## Prompt
Of the lines in the material below, print only those from the one containing "to ESPN’s coverage" to the one containing "Carat Cafe 925", ends included, exactly as written and without pictures.

## Data for this exercise
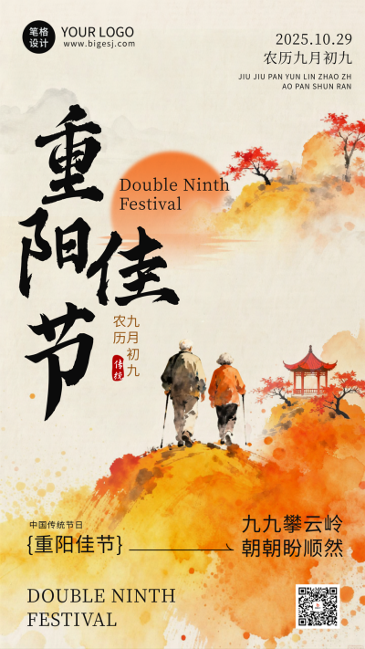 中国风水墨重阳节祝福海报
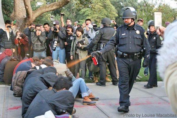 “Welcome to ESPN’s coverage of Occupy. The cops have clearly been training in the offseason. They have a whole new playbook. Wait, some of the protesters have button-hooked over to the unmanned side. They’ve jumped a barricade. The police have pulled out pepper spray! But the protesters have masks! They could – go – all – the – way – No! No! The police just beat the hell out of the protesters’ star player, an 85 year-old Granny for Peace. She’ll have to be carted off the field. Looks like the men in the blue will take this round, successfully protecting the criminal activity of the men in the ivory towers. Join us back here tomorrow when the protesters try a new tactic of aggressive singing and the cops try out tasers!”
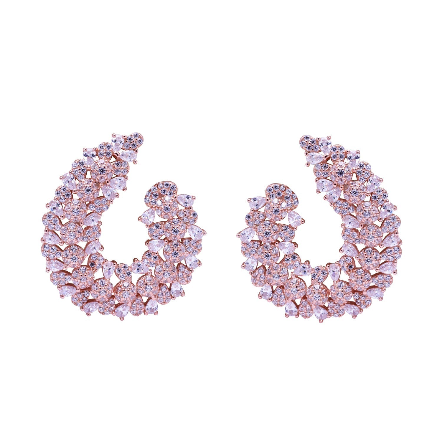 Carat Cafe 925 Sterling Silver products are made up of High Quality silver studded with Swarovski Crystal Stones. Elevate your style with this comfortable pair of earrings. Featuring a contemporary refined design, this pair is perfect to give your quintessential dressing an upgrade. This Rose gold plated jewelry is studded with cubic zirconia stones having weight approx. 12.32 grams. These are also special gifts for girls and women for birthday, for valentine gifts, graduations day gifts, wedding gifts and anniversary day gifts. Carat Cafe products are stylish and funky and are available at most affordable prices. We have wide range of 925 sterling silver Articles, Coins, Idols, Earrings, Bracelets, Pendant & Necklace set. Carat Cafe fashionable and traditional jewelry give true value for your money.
...
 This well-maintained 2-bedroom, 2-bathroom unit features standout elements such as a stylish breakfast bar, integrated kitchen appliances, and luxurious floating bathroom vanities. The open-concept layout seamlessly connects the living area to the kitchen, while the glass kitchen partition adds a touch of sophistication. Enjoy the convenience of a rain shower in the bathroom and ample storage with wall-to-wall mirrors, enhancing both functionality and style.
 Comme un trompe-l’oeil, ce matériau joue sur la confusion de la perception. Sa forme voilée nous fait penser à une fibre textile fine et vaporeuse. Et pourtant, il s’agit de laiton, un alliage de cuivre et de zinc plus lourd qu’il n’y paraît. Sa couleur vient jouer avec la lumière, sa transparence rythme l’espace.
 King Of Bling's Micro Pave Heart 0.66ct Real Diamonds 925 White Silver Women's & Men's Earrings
--
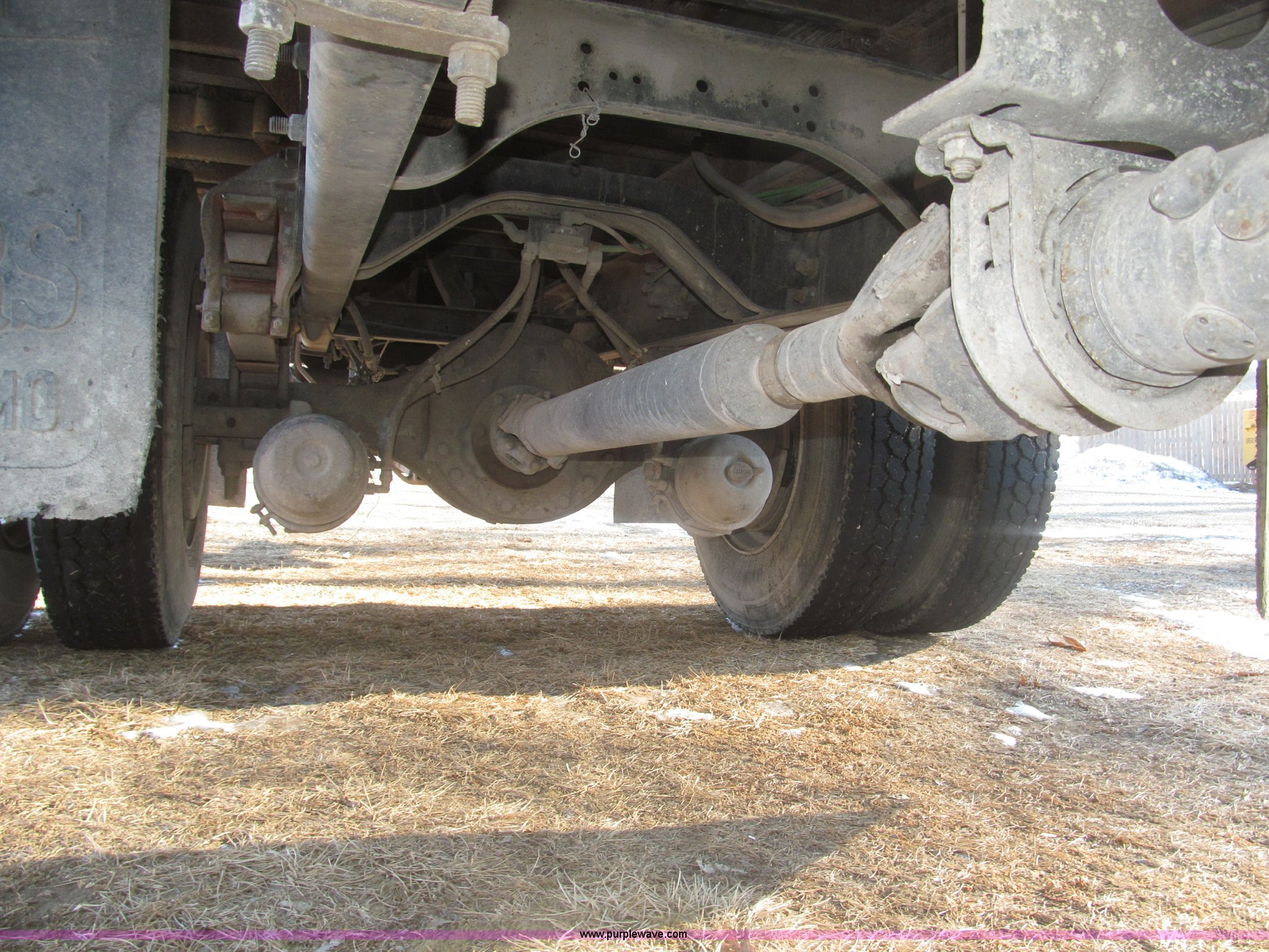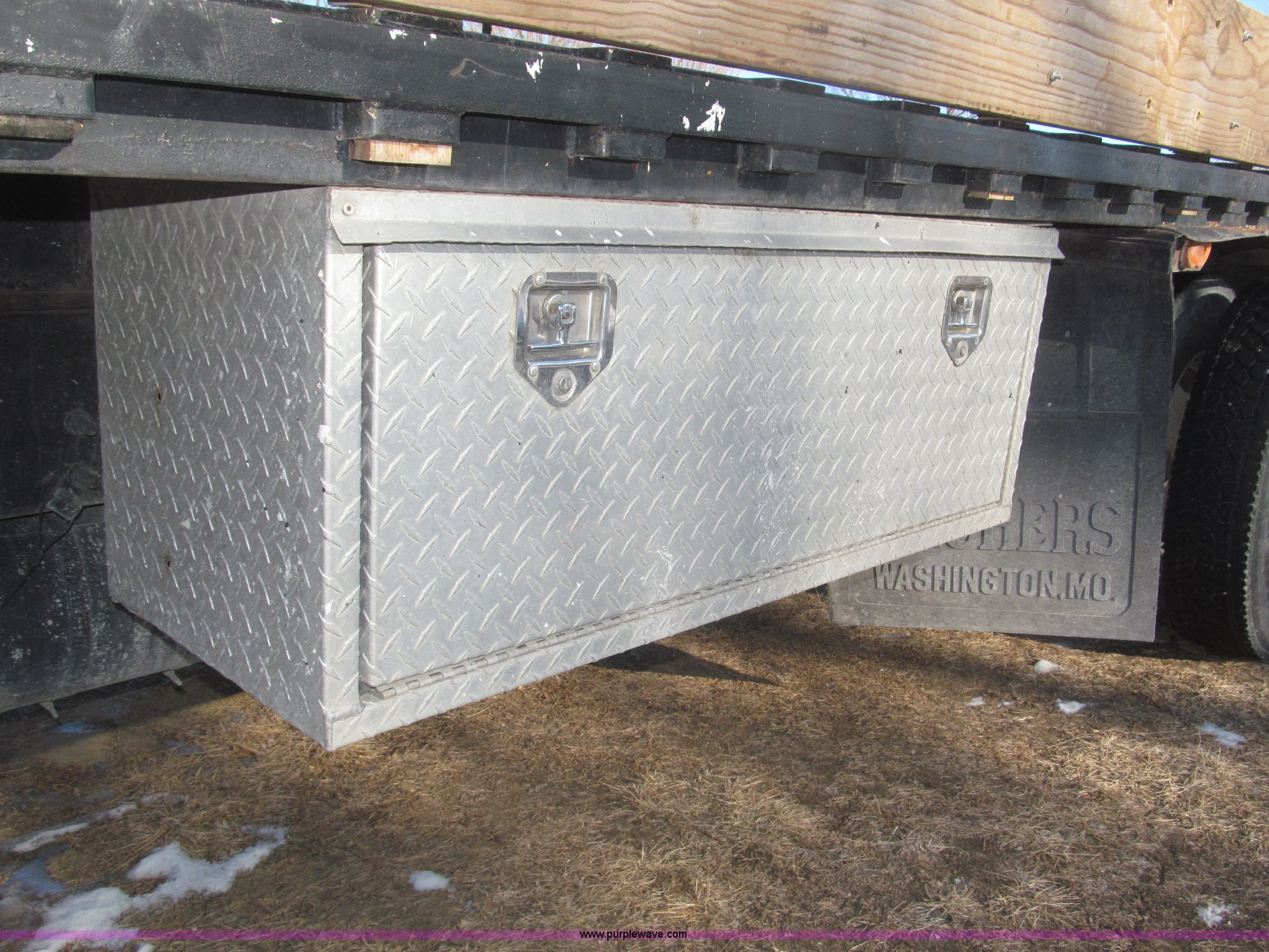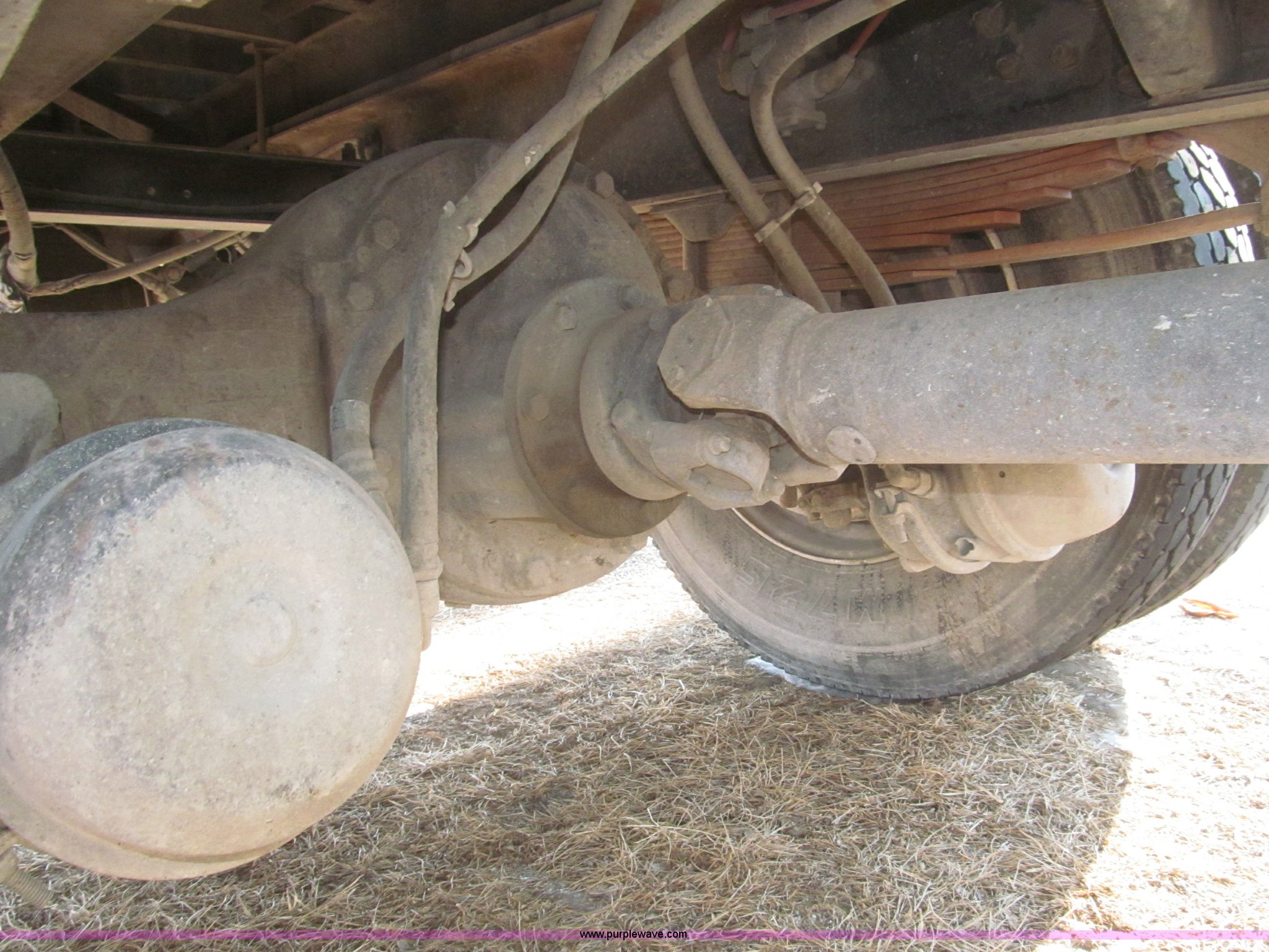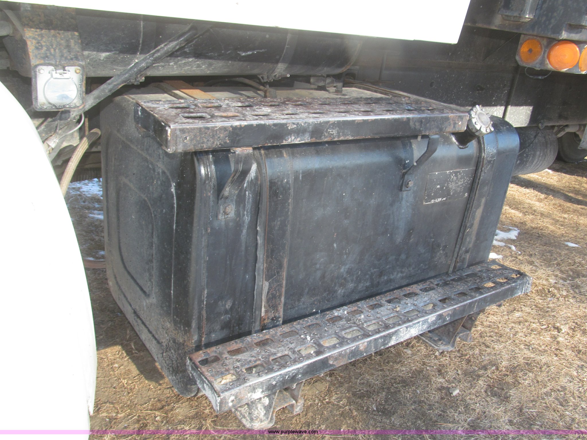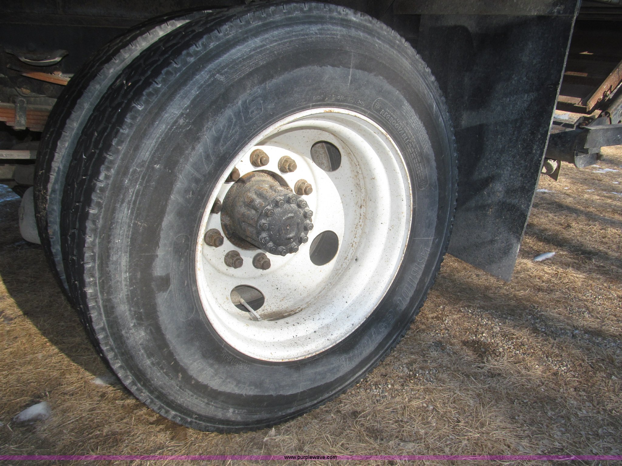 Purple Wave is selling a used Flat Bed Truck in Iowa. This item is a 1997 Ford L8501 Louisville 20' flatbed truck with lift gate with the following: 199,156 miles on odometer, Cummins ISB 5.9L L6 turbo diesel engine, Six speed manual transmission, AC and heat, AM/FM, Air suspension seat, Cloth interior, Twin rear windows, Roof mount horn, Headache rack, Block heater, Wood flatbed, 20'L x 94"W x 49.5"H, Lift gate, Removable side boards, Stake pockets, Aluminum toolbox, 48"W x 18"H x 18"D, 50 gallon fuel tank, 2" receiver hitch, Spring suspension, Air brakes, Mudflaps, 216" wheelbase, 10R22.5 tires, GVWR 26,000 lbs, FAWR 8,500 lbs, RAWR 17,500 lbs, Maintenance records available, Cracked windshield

## Response
 “Welcome to ESPN’s coverage of Occupy. The cops have clearly been training in the offseason. They have a whole new playbook. Wait, some of the protesters have button-hooked over to the unmanned side. They’ve jumped a barricade. The police have pulled out pepper spray! But the protesters have masks! They could – go – all – the – way – No! No! The police just beat the hell out of the protesters’ star player, an 85 year-old Granny for Peace. She’ll have to be carted off the field. Looks like the men in the blue will take this round, successfully protecting the criminal activity of the men in the ivory towers. Join us back here tomorrow when the protesters try a new tactic of aggressive singing and the cops try out tasers!”
 Carat Cafe 925 Sterling Silver products are made up of High Quality silver studded with Swarovski Crystal Stones. Elevate your style with this comfortable pair of earrings. Featuring a contemporary refined design, this pair is perfect to give your quintessential dressing an upgrade. This Rose gold plated jewelry is studded with cubic zirconia stones having weight approx. 12.32 grams. These are also special gifts for girls and women for birthday, for valentine gifts, graduations day gifts, wedding gifts and anniversary day gifts. Carat Cafe products are stylish and funky and are available at most affordable prices. We have wide range of 925 sterling silver Articles, Coins, Idols, Earrings, Bracelets, Pendant & Necklace set. Carat Cafe fashionable and traditional jewelry give true value for your money.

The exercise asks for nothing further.